- **What is expected**: Would you please transcribe the listing exactly, with no images?

- **Provided data**:
++++++++

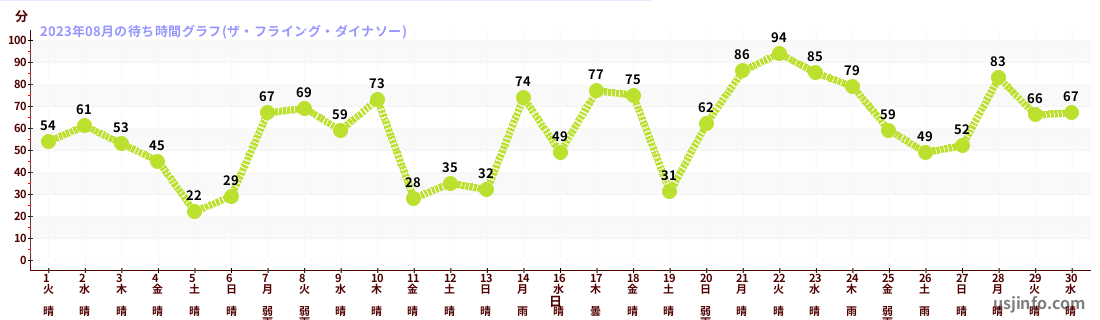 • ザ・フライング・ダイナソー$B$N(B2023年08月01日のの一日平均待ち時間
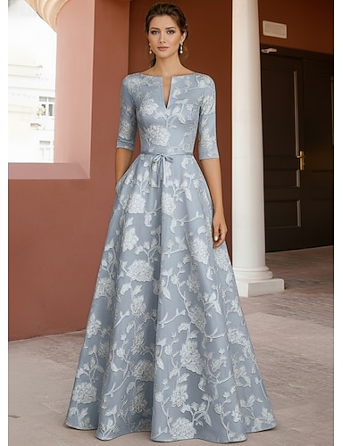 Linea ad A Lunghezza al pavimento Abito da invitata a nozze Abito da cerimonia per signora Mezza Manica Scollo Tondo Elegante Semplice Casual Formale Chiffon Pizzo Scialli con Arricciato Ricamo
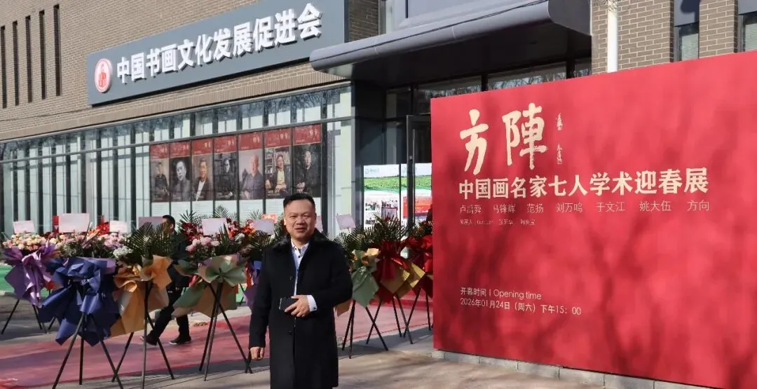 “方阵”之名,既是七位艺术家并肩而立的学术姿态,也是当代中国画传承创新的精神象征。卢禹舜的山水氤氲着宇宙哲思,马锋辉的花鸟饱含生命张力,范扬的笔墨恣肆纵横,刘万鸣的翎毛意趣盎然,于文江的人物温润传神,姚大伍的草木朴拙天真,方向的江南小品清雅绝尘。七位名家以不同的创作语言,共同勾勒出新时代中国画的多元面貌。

++++++++

- **Result**:
 • ザ・フライング・ダイナソー$B$N(B2023年08月01日のの一日平均待ち時間
 Linea ad A Lunghezza al pavimento Abito da invitata a nozze Abito da cerimonia per signora Mezza Manica Scollo Tondo Elegante Semplice Casual Formale Chiffon Pizzo Scialli con Arricciato Ricamo
 “方阵”之名,既是七位艺术家并肩而立的学术姿态,也是当代中国画传承创新的精神象征。卢禹舜的山水氤氲着宇宙哲思,马锋辉的花鸟饱含生命张力,范扬的笔墨恣肆纵横,刘万鸣的翎毛意趣盎然,于文江的人物温润传神,姚大伍的草木朴拙天真,方向的江南小品清雅绝尘。七位名家以不同的创作语言,共同勾勒出新时代中国画的多元面貌。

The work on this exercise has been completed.